# COLLECTED MATERIAL

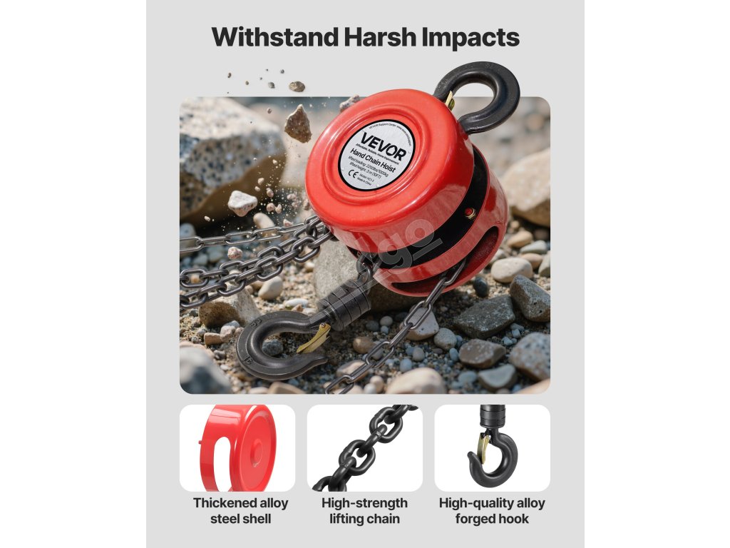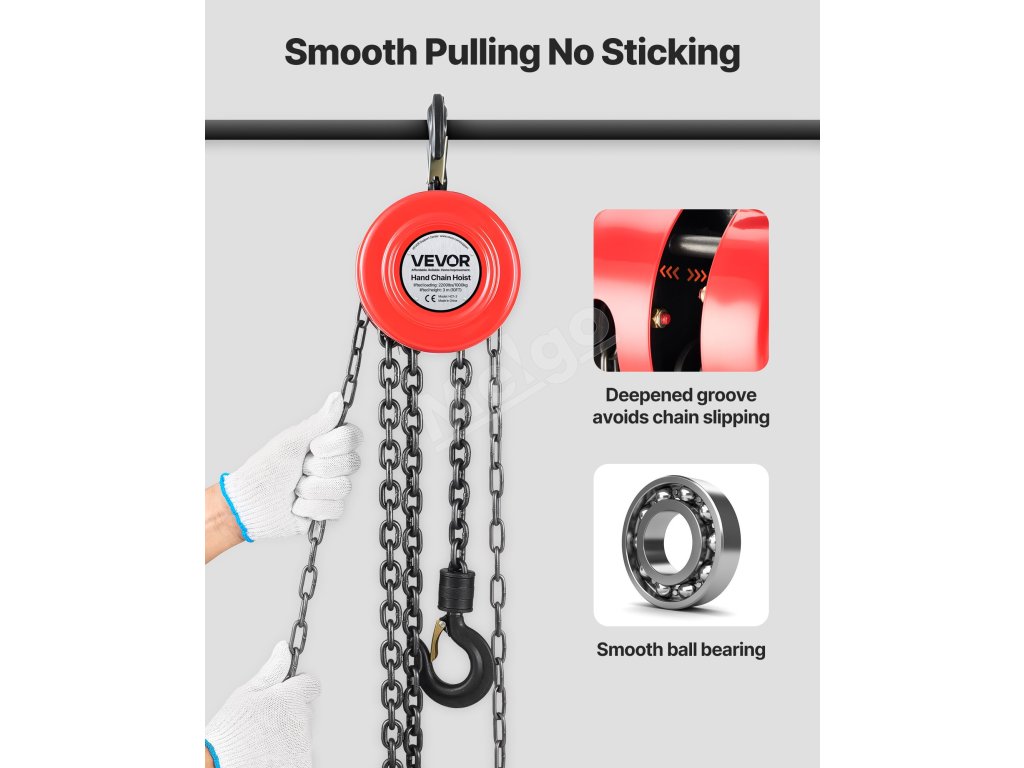 Zdvíhajte ťažké predmety s ľahkosťou! Náš ručný reťazový kladkostroj má nosnosť 2200 lbs (1T), čím vám ušetrí námahu a zároveň zakaždým zabezpečí hladkú a bezpečnú prevádzku.
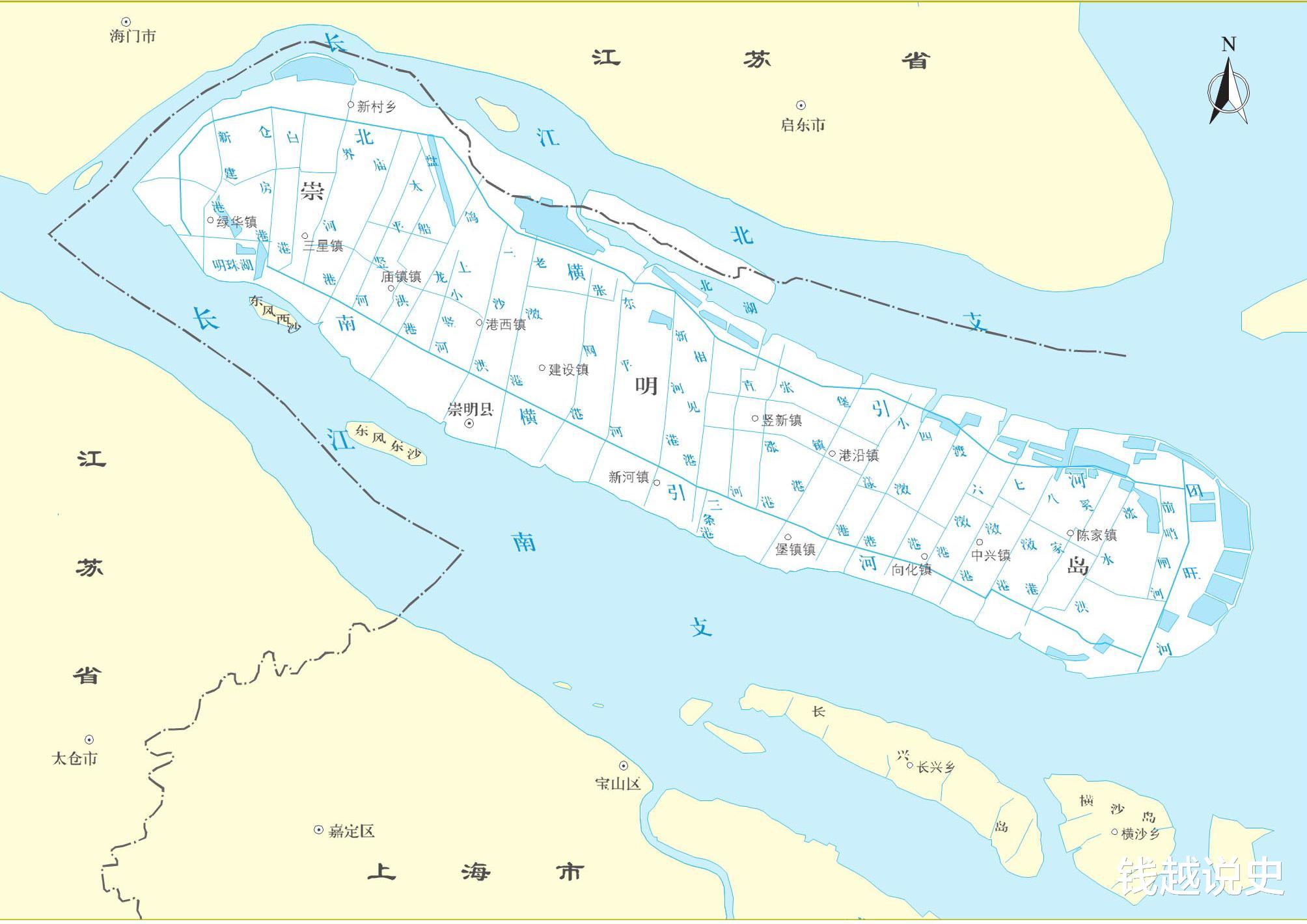 岛上地势平坦、土地肥沃,林木茂盛,物产富饶,是有名的鱼米之乡。它是我国大岛中唯一一个分属两省的岛屿,主体属于上海市,北部小部分属于江苏省南通市启东市启隆镇和南通市海门区海永镇。
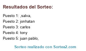 Lista de participantes: carlos, ,salva,, juan pablo,, jonhatan, tony.

# EXERCISE INSTRUCTIONS
Repeat the material exactly. Skip the images.

# EXERCISE RESPONSE
 Zdvíhajte ťažké predmety s ľahkosťou! Náš ručný reťazový kladkostroj má nosnosť 2200 lbs (1T), čím vám ušetrí námahu a zároveň zakaždým zabezpečí hladkú a bezpečnú prevádzku.
 岛上地势平坦、土地肥沃,林木茂盛,物产富饶,是有名的鱼米之乡。它是我国大岛中唯一一个分属两省的岛屿,主体属于上海市,北部小部分属于江苏省南通市启东市启隆镇和南通市海门区海永镇。
 Lista de participantes: carlos, ,salva,, juan pablo,, jonhatan, tony.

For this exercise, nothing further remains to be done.